Below are some records; output exactly the lines from the line with "акцент в интерьере." to the line with "The dinning room", both ends kept, and nothing more.

| Records for the exercise |

[Start of Attachment]

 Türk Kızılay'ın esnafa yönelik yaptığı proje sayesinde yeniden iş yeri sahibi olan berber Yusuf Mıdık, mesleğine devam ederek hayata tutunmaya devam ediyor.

[End of Attachment]
[Start of Attachment]

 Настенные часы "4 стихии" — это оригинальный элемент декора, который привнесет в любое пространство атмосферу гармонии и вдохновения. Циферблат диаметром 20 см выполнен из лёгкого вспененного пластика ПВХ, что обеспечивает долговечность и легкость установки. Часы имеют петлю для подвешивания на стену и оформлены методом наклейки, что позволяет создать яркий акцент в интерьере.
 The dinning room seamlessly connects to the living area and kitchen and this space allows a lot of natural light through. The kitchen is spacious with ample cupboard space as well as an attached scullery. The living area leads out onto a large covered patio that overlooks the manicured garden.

[End of Attachment]

| Result for this task |
 Настенные часы "4 стихии" — это оригинальный элемент декора, который привнесет в любое пространство атмосферу гармонии и вдохновения. Циферблат диаметром 20 см выполнен из лёгкого вспененного пластика ПВХ, что обеспечивает долговечность и легкость установки. Часы имеют петлю для подвешивания на стену и оформлены методом наклейки, что позволяет создать яркий акцент в интерьере.
 The dinning room seamlessly connects to the living area and kitchen and this space allows a lot of natural light through. The kitchen is spacious with ample cupboard space as well as an attached scullery. The living area leads out onto a large covered patio that overlooks the manicured garden.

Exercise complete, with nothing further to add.